## [WHAT IS BEING ASKED]
Although the entries contain pictures, copy only their text, exactly as written.
------------------------------------
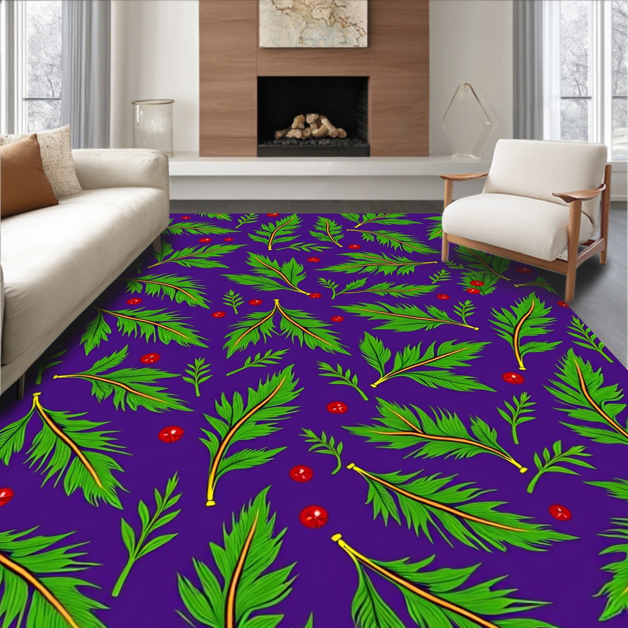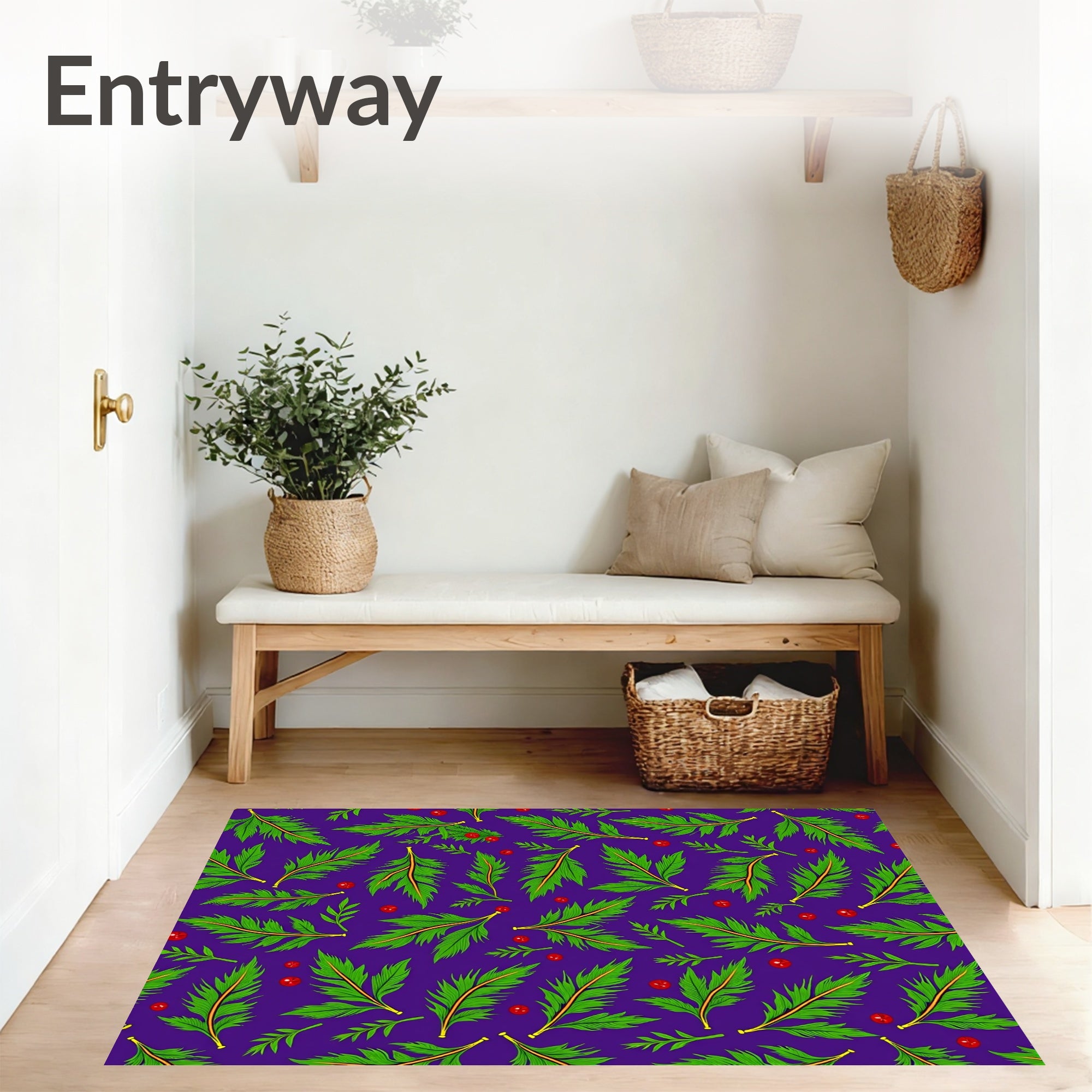 Flatwoven High Traffic Area Rug, Yuletide Holly Leaf Vine Motif Accent, Non Slip, Stain Resistant, Washable Area Rugs for Living Room, Bedroom (Purple) Overview:
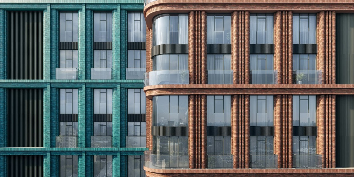 Одно из фасадных решений — бирюзовый глазурованный кирпич, который колеруют специально для «Sminex». Его необычный цвет застройщик выводил несколько месяцев: тестировал десятки оттенков, пробовал разные технологии, оценивал, как фасады смотрятся на солнце, в дождь и как гармонируют между собой.
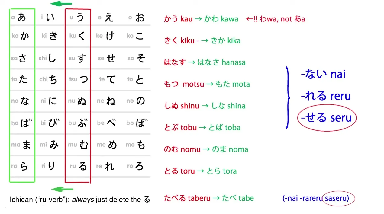 あ (a) | う → あ | ない, causatif せる/させる, passif れる/られる |
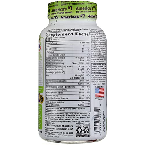 Details: vitafusion Adult Gummy Multivitamins for Women are daily dietary supplements formulated to address the health needs of women. Each delicious two-gummy serving combines essential vitamins and minerals with natural fruit flavors to provide a great tasting and convenient alternative to traditional, hard-to-swallow vitamin pills. At vitafusion, it is a belief that taste and nutrition can be fused together, ensuring that taking your women's daily multivitamin is an easy and delicious part of your day.
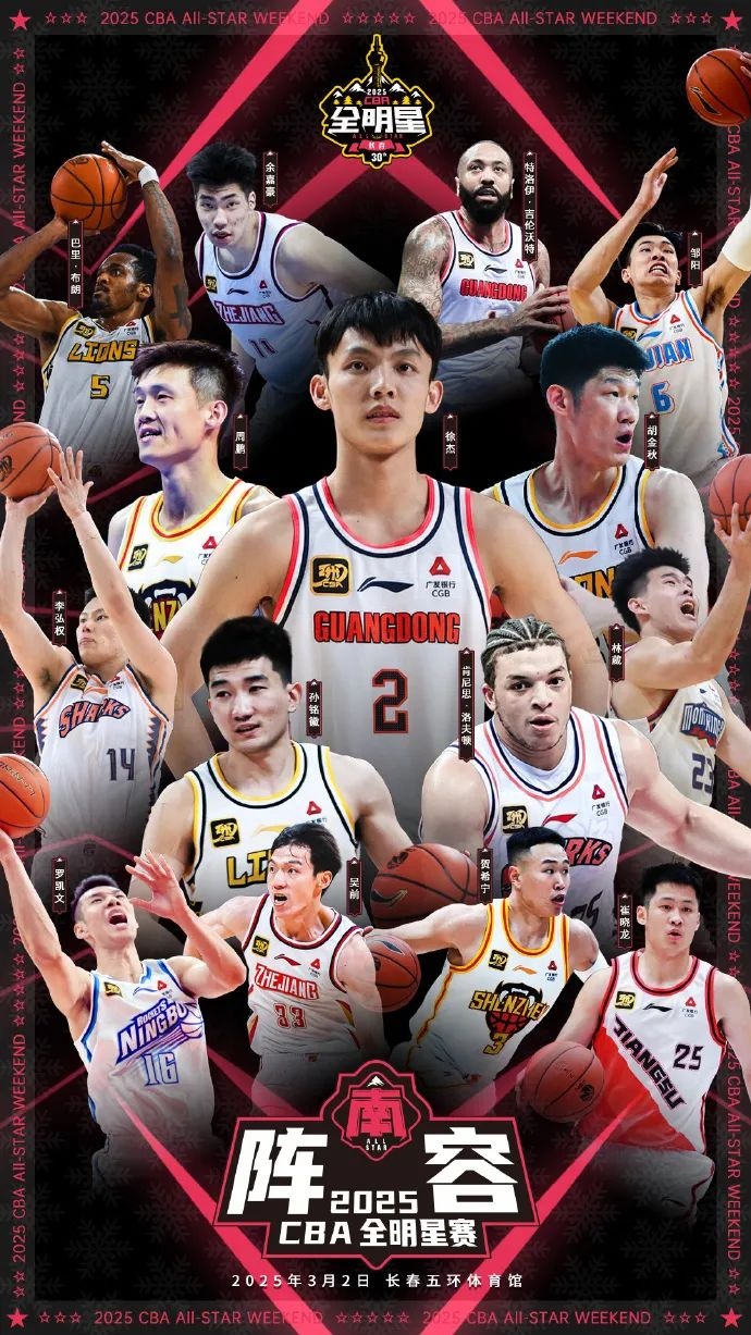 何為全明星賽?說白了就是球星歡聚一堂給球迷們獻禮的比賽。顯然,CBA聯賽只讀懂了“歡聚一堂”這個詞。2025年CBA全明星周末正賽的名單是:
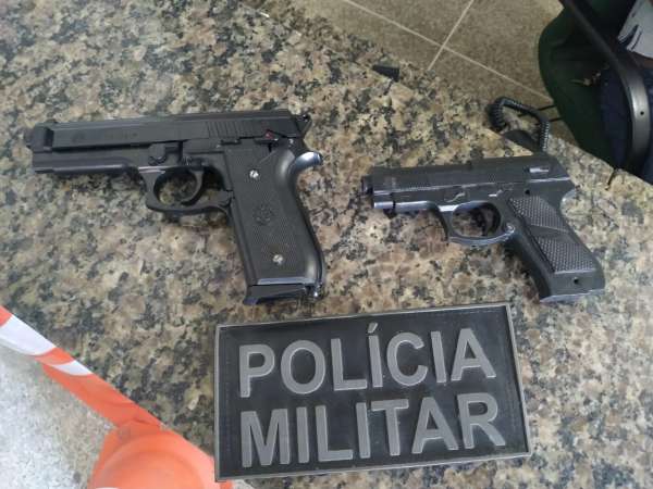 Um rápido trabalho da Polícia Militar do Ceará (PMCE), nas primeiras horas da manhã de hoje (10), resultou na prisão em flagrante de dois homens que estavam em posse de dois simulacros de pistola e uma motocicleta com registro de roubo. Toda a ofensiva policial ocorreu no bairro Jangurussu – pertencente à Área Integrada de Segurança 3 (AIS 3) de Fortaleza. Um inquérito policial foi instaurado no 13° Distrito Policial (DP), unidade plantonista da Polícia Civil do Estado do Ceará (PCCE), onde os homens foram autuados por roubo no concurso de agentes e receptação.
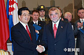 圖:胡錦濤與克羅地亞總統(tǒng)梅西奇舉行會談
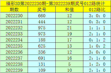 上期回顾:福彩3D第2022239期开出奖号:109。奖号为组六形态,与试机号有同号,奇偶比为2:1,大小比为1:2,012路比为2:1:0,和值为10,跨度为9。
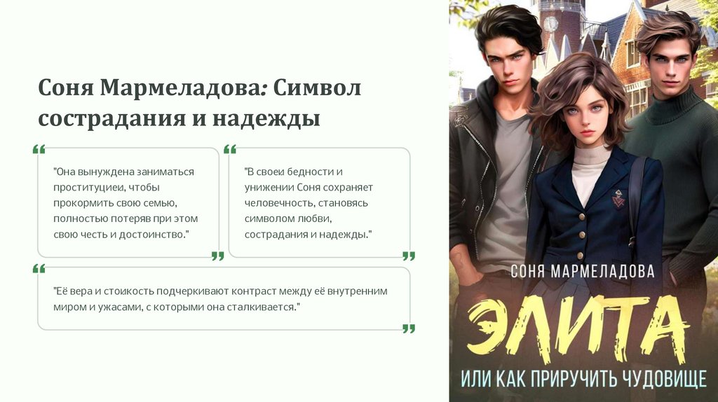 В своей бедности и унижении Соня сохраняет человечность, становясь символом любви, сострадания и надежды. Её вера и
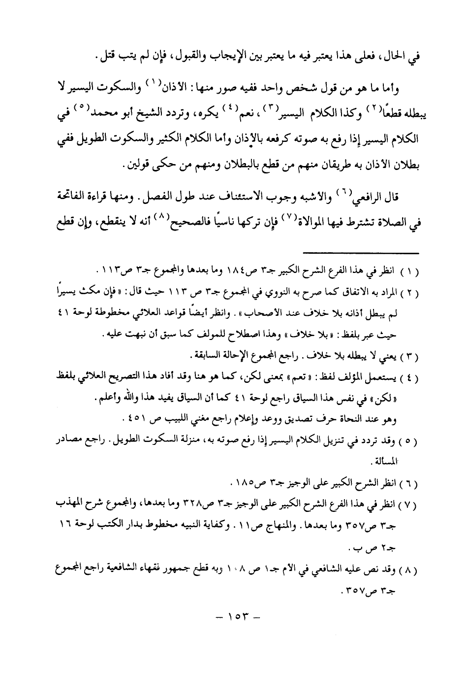 (¬5) وقد تردد في تنزيل الكلام اليسير إِذا رفع صوته به، منزلة السكوت الطويل. راجع مصادر المسألة.
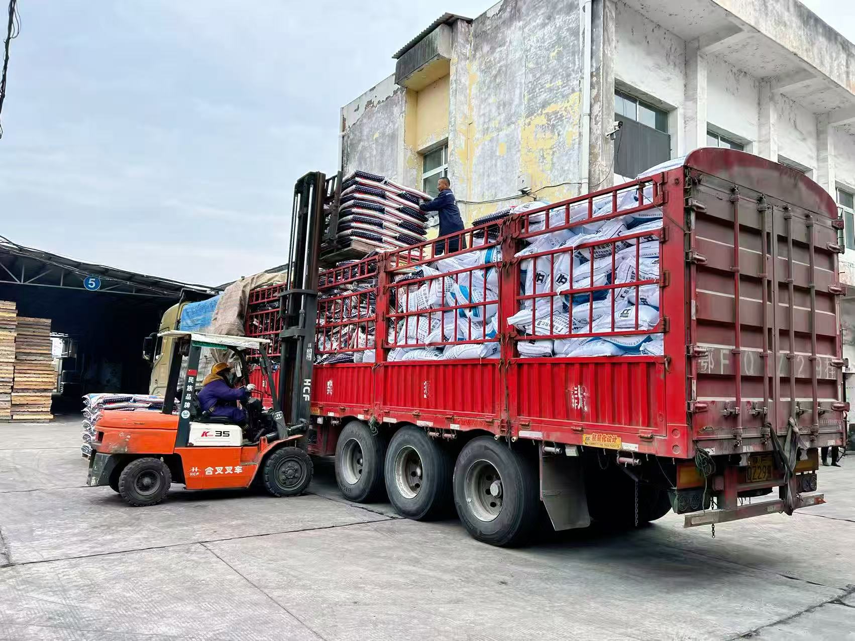 2月27日,记者走进宜施壮公司,映入眼帘的是一派大进大出的热闹火爆景象:在采购环节,一车车磷酸二铵等原材料源源不断地运抵仓库,为肥料生产提供充足的原料供应;在生产一线,三四台叉车来回穿梭,将刚下线的肥料运出车间,装上大卡车,再运往夷陵大地,全力满足春耕备耕的用肥需求。
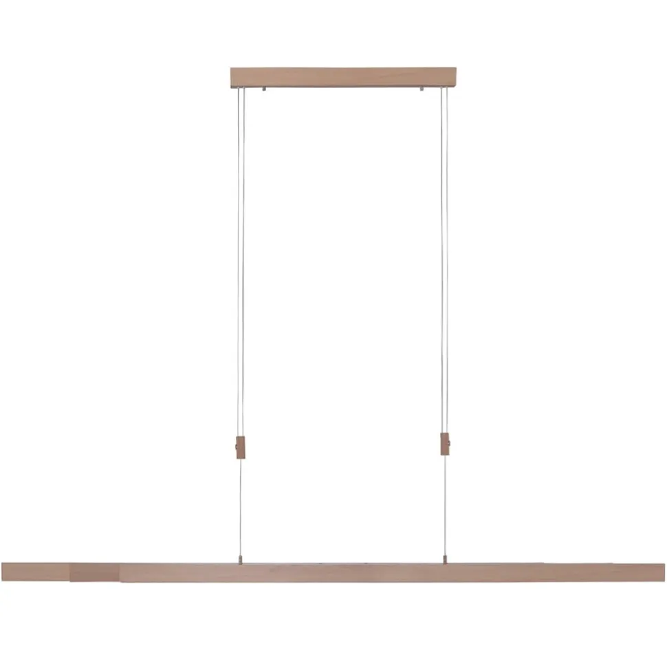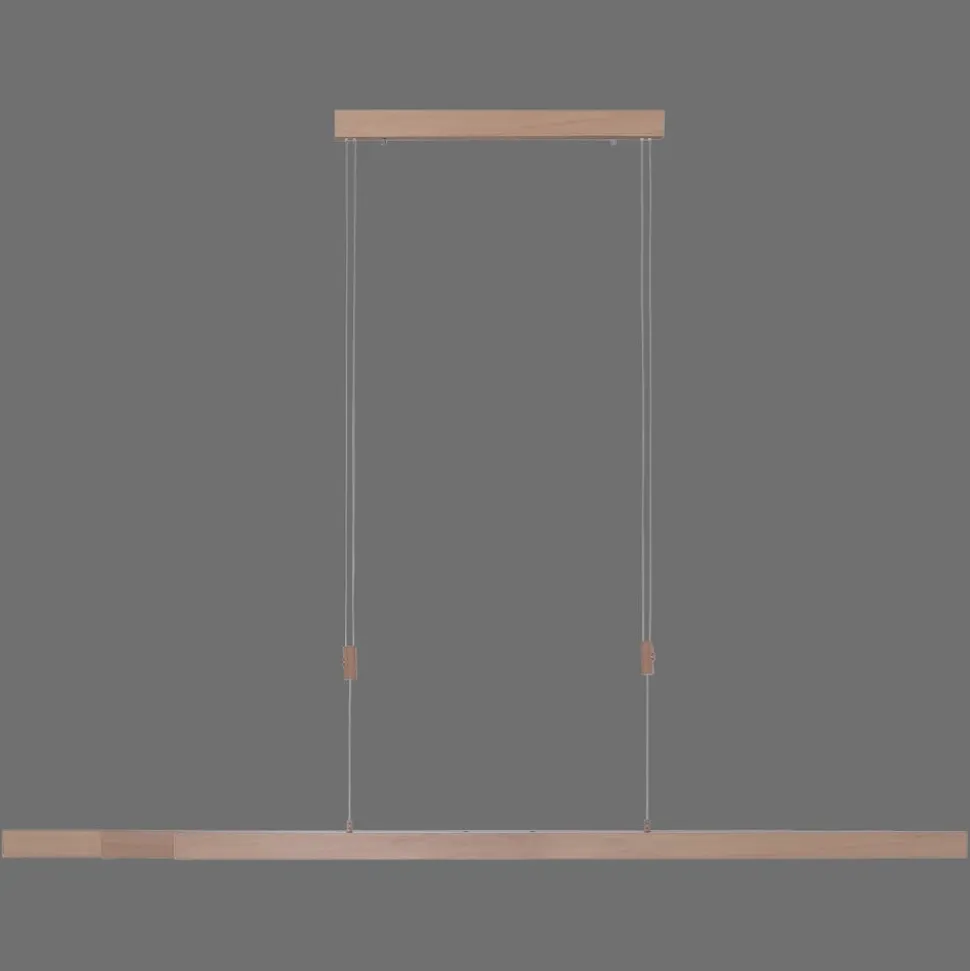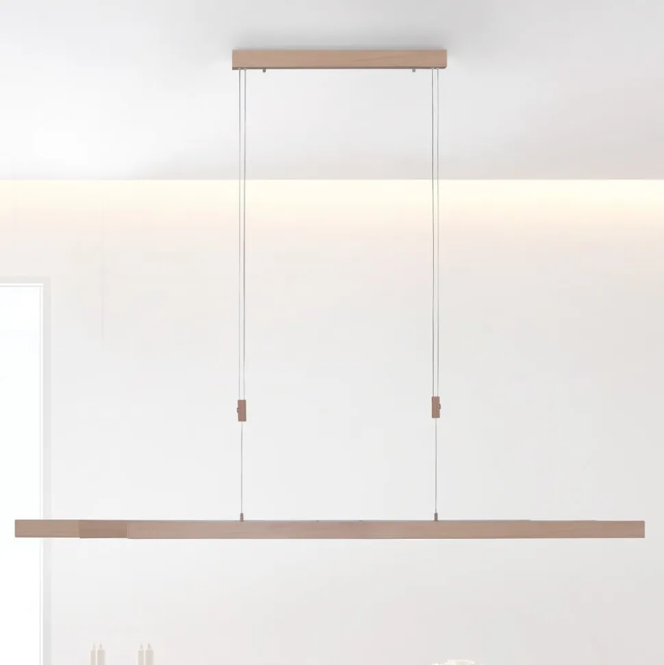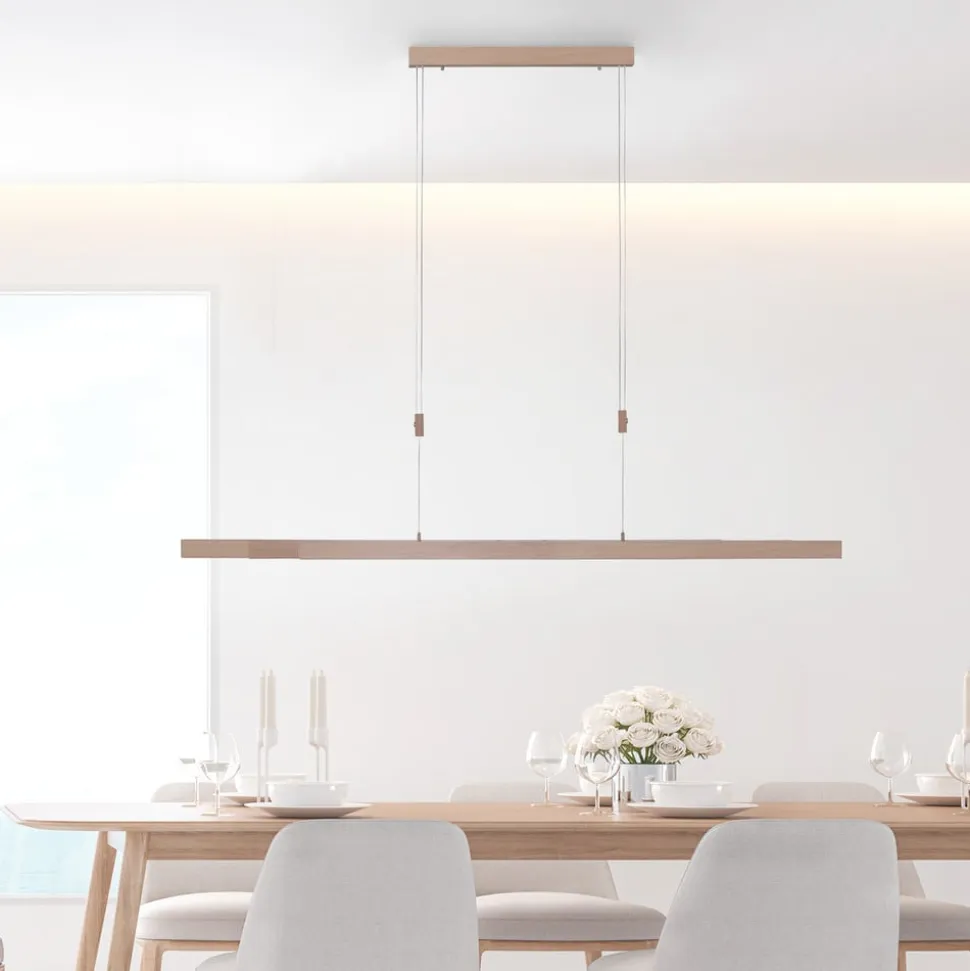 Justerbar Adriana LED-hængelampe med touchfunktion Denne praktiske pendellampe i trædekor-look kan trækkes ud og justeres variabelt i højde og længde, så den kan tilpasses over spisebordet. Lampen har to berøringsflader. Det ene berøringspunkt kan bruges til at tænde og slukke lyset og til at ændre lysstyrken. Den anden berøringsflade kan bruges til at styre lysfarven kontinuerligt fra varmhvid til kølig universalhvid ved hjælp af den integrerede CCT-teknologi. Takket være hukommelsesfunktionen gemmes den sidste indstilling og kan hentes frem igen, når der tændes. Højden kan justeres fra 100 cm til 180 cm med få enkle trin. Længden kan justeres fra 120 cm til 179 cm.
------------------------------------
## [RESULT OF THIS TASK]
 Flatwoven High Traffic Area Rug, Yuletide Holly Leaf Vine Motif Accent, Non Slip, Stain Resistant, Washable Area Rugs for Living Room, Bedroom (Purple) Overview:
 Одно из фасадных решений — бирюзовый глазурованный кирпич, который колеруют специально для «Sminex». Его необычный цвет застройщик выводил несколько месяцев: тестировал десятки оттенков, пробовал разные технологии, оценивал, как фасады смотрятся на солнце, в дождь и как гармонируют между собой.
 あ (a) | う → あ | ない, causatif せる/させる, passif れる/られる |
 Details: vitafusion Adult Gummy Multivitamins for Women are daily dietary supplements formulated to address the health needs of women. Each delicious two-gummy serving combines essential vitamins and minerals with natural fruit flavors to provide a great tasting and convenient alternative to traditional, hard-to-swallow vitamin pills. At vitafusion, it is a belief that taste and nutrition can be fused together, ensuring that taking your women's daily multivitamin is an easy and delicious part of your day.
 何為全明星賽?說白了就是球星歡聚一堂給球迷們獻禮的比賽。顯然,CBA聯賽只讀懂了“歡聚一堂”這個詞。2025年CBA全明星周末正賽的名單是:
 Um rápido trabalho da Polícia Militar do Ceará (PMCE), nas primeiras horas da manhã de hoje (10), resultou na prisão em flagrante de dois homens que estavam em posse de dois simulacros de pistola e uma motocicleta com registro de roubo. Toda a ofensiva policial ocorreu no bairro Jangurussu – pertencente à Área Integrada de Segurança 3 (AIS 3) de Fortaleza. Um inquérito policial foi instaurado no 13° Distrito Policial (DP), unidade plantonista da Polícia Civil do Estado do Ceará (PCCE), onde os homens foram autuados por roubo no concurso de agentes e receptação.
 圖:胡錦濤與克羅地亞總統(tǒng)梅西奇舉行會談
 上期回顾:福彩3D第2022239期开出奖号:109。奖号为组六形态,与试机号有同号,奇偶比为2:1,大小比为1:2,012路比为2:1:0,和值为10,跨度为9。
 В своей бедности и унижении Соня сохраняет человечность, становясь символом любви, сострадания и надежды. Её вера и
 (¬5) وقد تردد في تنزيل الكلام اليسير إِذا رفع صوته به، منزلة السكوت الطويل. راجع مصادر المسألة.
 2月27日,记者走进宜施壮公司,映入眼帘的是一派大进大出的热闹火爆景象:在采购环节,一车车磷酸二铵等原材料源源不断地运抵仓库,为肥料生产提供充足的原料供应;在生产一线,三四台叉车来回穿梭,将刚下线的肥料运出车间,装上大卡车,再运往夷陵大地,全力满足春耕备耕的用肥需求。
 Justerbar Adriana LED-hængelampe med touchfunktion Denne praktiske pendellampe i trædekor-look kan trækkes ud og justeres variabelt i højde og længde, så den kan tilpasses over spisebordet. Lampen har to berøringsflader. Det ene berøringspunkt kan bruges til at tænde og slukke lyset og til at ændre lysstyrken. Den anden berøringsflade kan bruges til at styre lysfarven kontinuerligt fra varmhvid til kølig universalhvid ved hjælp af den integrerede CCT-teknologi. Takket være hukommelsesfunktionen gemmes den sidste indstilling og kan hentes frem igen, når der tændes. Højden kan justeres fra 100 cm til 180 cm med få enkle trin. Længden kan justeres fra 120 cm til 179 cm.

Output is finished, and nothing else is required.